Exercise details: From the first line below to the last, reproduce the material exactly and leave out the images.

Dataset excerpt:
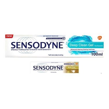 سنسوداين معجون أسنان تنظيف عميق - 100 مل+معجون أسنان متعددة للاسنان الحساسة - 20 مل
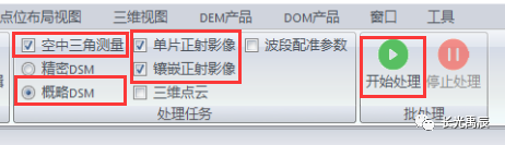 开始菜单栏下同时勾选“空中三角测量、概略DSM、单片正射影像、镶嵌正射影像”,点击“开始处理”确认拼接。
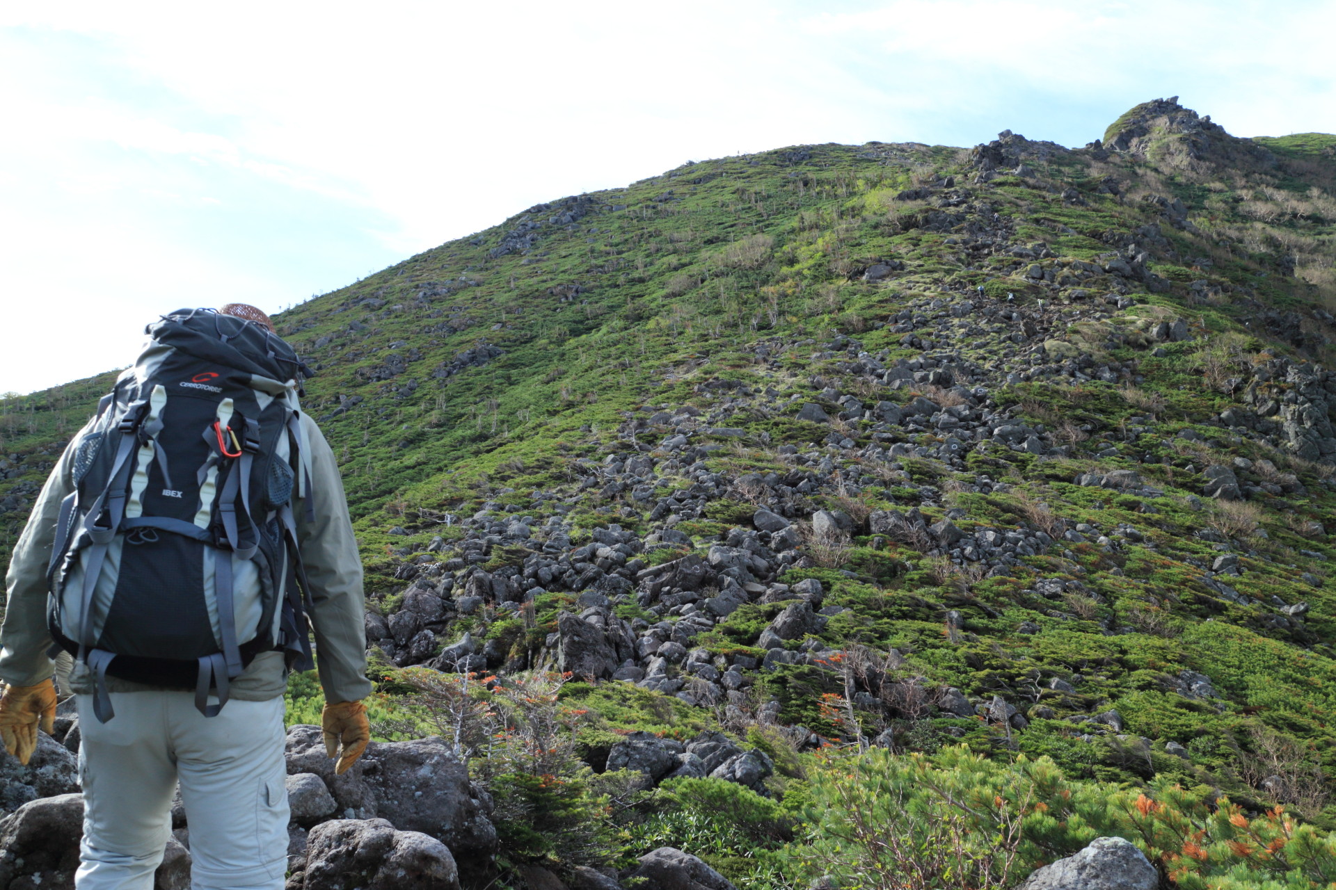 黒百合ヒュッテの時点で標高がすでに2,390mなのでちょっと登るともう木がないんですな。

Your response:
 سنسوداين معجون أسنان تنظيف عميق - 100 مل+معجون أسنان متعددة للاسنان الحساسة - 20 مل
 开始菜单栏下同时勾选“空中三角测量、概略DSM、单片正射影像、镶嵌正射影像”,点击“开始处理”确认拼接。
 黒百合ヒュッテの時点で標高がすでに2,390mなのでちょっと登るともう木がないんですな。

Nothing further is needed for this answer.